I thought about extending GISelObserver with something like 'VRegCreated(Value*,VReg), what do you think? Or perhaps some TTI hook called within translate/getOrCreateVRegs.
I've tried approaches with target pseudo intrinsics and extra IR passes, but still everything depends on missing the external (relatively to the IRTranslator) way to obtain the info about Value->Vreg mapping.
Hey!
I've tried approaches with target pseudo intrinsics and extra IR passes, but still everything depends on missing the external (relatively to the IRTranslator) way to obtain the info about Value->Vreg mapping.
That sounds similar to what DBG_VALUE does (from my 10,000 feet view of it :)) and this works with IR intrinsics.

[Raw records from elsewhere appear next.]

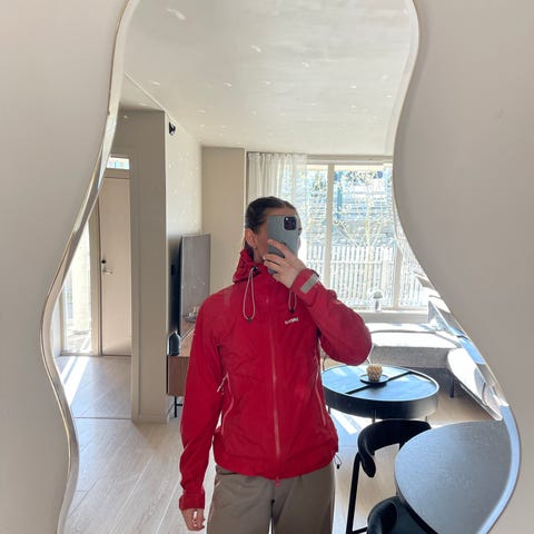Jakken veier lite og er lett å pakke med seg i sekken. Gode justeringsmuligheter på hette/krage. Borrelås ermer.
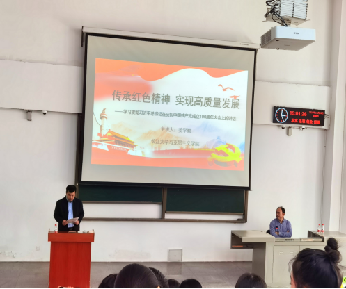 (通讯员谭梦媛)2021年10月28日下午,球王会平台,球王会网站院长姜学勤教授应邀在武汉校区B101以“传承红色精神 实现高质量发展”为题为武汉校区师生作学习贯彻习近平总书记“七一”重要讲话精神专题辅导报告,报告会由资环学院党委书记张科主持,容纳300余人的会场,座无虚席,师生们共同享用了这场精神盛宴。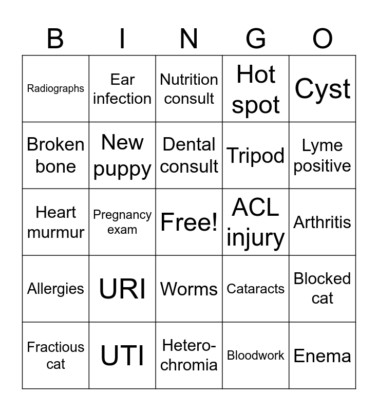 This bingo card has a free space and 24 words: URI, UTI, Dental consult, Fractious cat, Cyst, Radiographs, Broken bone, Ear infection, ACL injury, Worms, Tripod, Heart murmur, Cataracts, Blocked cat, New puppy, Bloodwork, Arthritis, Nutrition consult, Lyme positive, Pregnancy exam, Enema, Allergies, Hot spot and Hetero-chromia.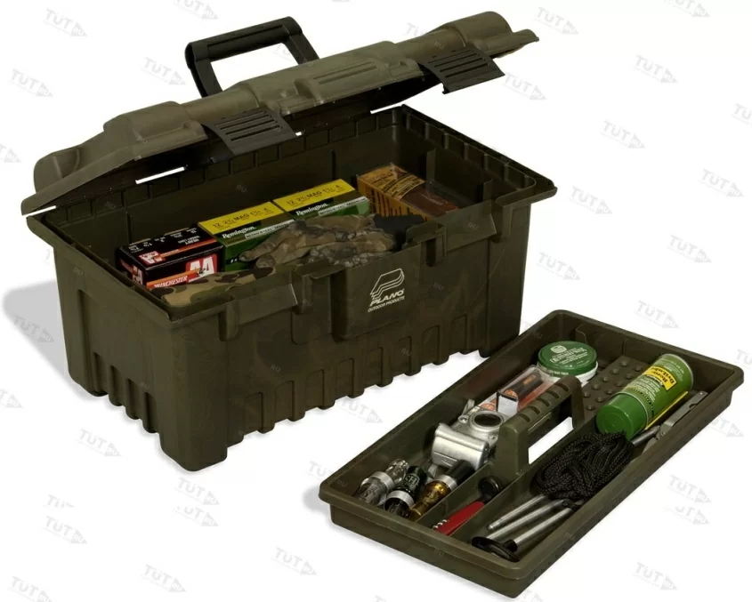 Ящик, снабженный прорезиненной эргономичной ручкой, закрывающимся отделением для оружейных принадлежностей.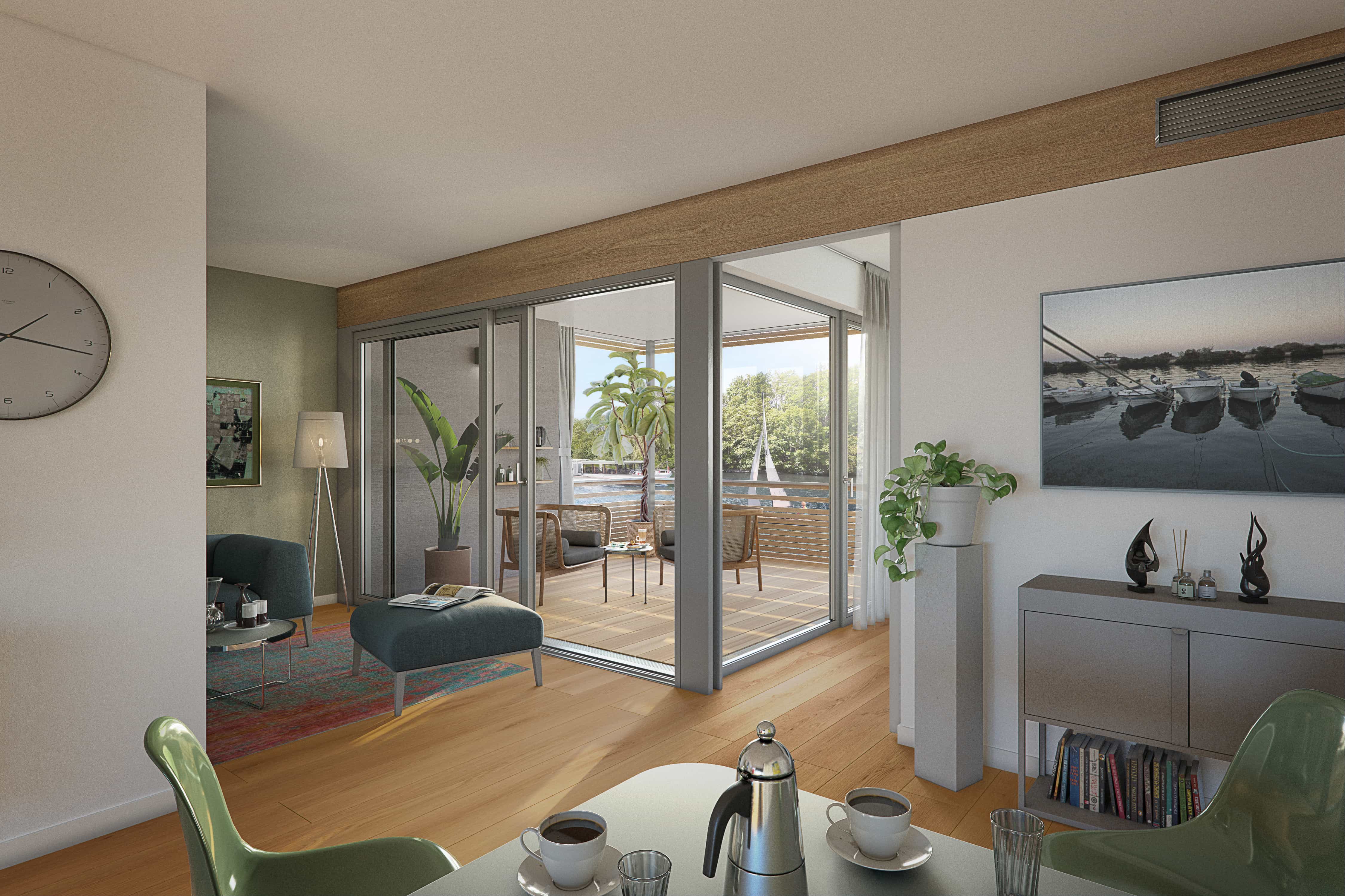 The two-room apartment with open-plan kitchen offers plenty of space to relax - perfect for a time-out for two. On the first floor, the Skiff type is flanked by a small green area with its own access to the marina and can be equipped with a fireplace on request.

What is missing for this kind of approaches to work in your case?
Cheers,
-Quentin
Let me explain my problem with a short example. Assume we have the following IR:
define @foo(i32* addrspace(3) %v.addr) { %0 = load i32 i32* addrspace(3) %v.addr ... }
In our target this type info will require 2 additional instructions, so after instruction selection the code should look like:
r0 = OpIntegerType 32 // op0: integer width r1 = OpPointerType r0, 3 // op0: base type, op1: addrspace ... r2 = OpParam r1 // op0: the actual type of the func's argument r3 = OpLoad r0, r2 // op0: 'ResultType', op1: the actual operand
In order to generate the type instructions we need the original LLVM type info, but also it's required to keep the mapping of these types to the vregs generated by the IRTranslator so that this 'ResultType' field would be correctly set at the later GISel stages.
But if we don't intervene into the IR translation process, I don't see how it is possible to obtain this mapping.
Speaking about DBG_VALUE - I'm not quite familiar with it, but FWIW it seems that it uses some metadata nodes as its operand, is it correct?